Fall Out Boy's Pete Wentz is still bummed about missing out on an inconsequential X-Men role

Fall Out Boy's Pete Wentz is still bummed about missing out on an inconsequential X-Men role
Pete Wentz Photo: Mat Hayward/Getty Images for iHeartMedia

Fall Out Boy’s Pete Wentz is turning his new Apple Music radio show Loud And Sad Radio into the premiere destination for Pete Wentz fun facts, with last week’s premiere episode serving as a reminder that Kim Kardashian played his love interest in the “Thnks Fr Th Mmrs” music video (Fall Out Boy was an up-and-coming band at the time and couldn’t afford vowels), and this week Wentz revealed that he could’ve had a small role in a bad X-Men movie and he seems really disappointed that it didn’t work out.

Here’s the story: It’s 2009, Wentz is working with Jimmy Kimmel for his celebrity-filled “Fucking Ben Affleck” sketch (which hasn’t aged all that great, conceptually), when he got a call from his manager saying he had been offered a role in X-Men Origins: Wolverine. The catch was that he’d have to immediately fly to Australia to film it, so Wentz decided to think about whether he wanted to do it while finishing up with the Kimmel sketch. Unfortunately for Wentz, by the time he had made his decision he studio had already found someone else, depriving him of his dream of being in the X-Men movie where Ryan Reynolds plays a version of Deadpool who gets his mouth sewn shut.

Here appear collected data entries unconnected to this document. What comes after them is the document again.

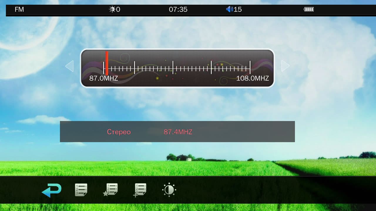 | Чтение книг. Имеется поддержка форматов *.TXT, *.PDF, *.FB2, *.EPUB (с отображением иллюстраций, разумеется, если таковые позволяет формат). | FM-радио |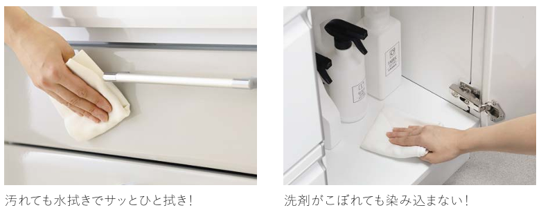また、水に強いので扉が湿気や経年劣化でめくれたりはげたりする心配もありません。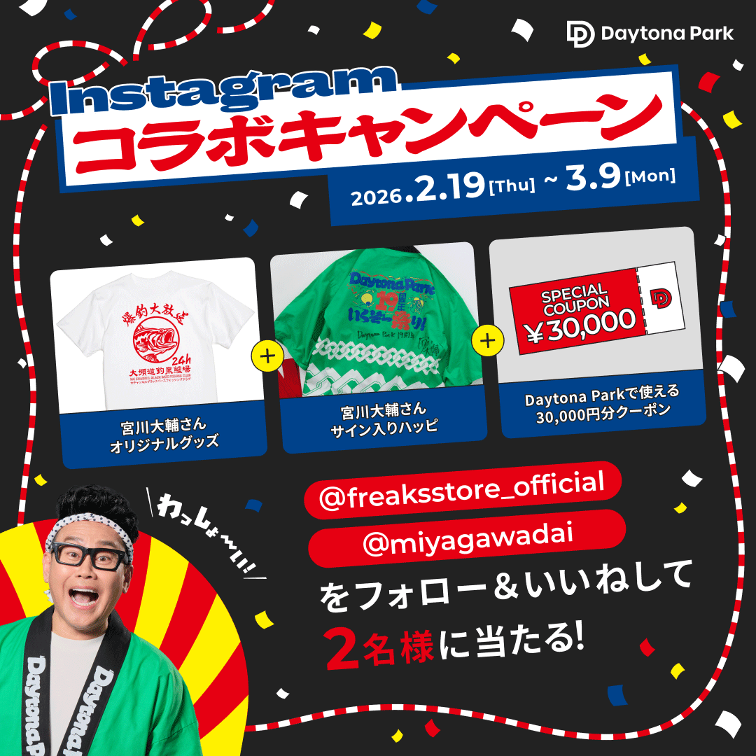 お祭り男『宮川大輔』と盛り上げる! 【19周年いくぞー祭り!】で19日間ワクワク体験FREAK’S STORE公式オンラインストア「Daytona Park」にて、2月19日(木)よりキャンペーン開始

But there’s a twist! The role offered to Wentz was that of Chris Bradley, a mutant with electricity powers who is played in the final film by Dominic Monaghan from Lost and the Lord Of The Rings movies. Also, if you’ve clicked the link to the “Fucking Ben Affleck” sketch up above, you might also recognize him from that. So while Pete Wentz was waiting to decide if he should take this role while filming the sketch for Jimmy Kimmel, the guy he sings next to in that very sketch had already taken the role. The cruelty of Hollywood on display!

Wentz still seems bummed about it, though, adding that he thinks about how it could’ve been him whenever he watches the movie (implying that he watches the movie with some regularity, which is wild) and how he suspects that Monaghan “probably doesn’t even think about [it] ever.” It’s tragic, in a way, but it’s hard to deny that it would all be a little more tragic if we were talking about literally any movie other than X-Men Origins: Wolverine.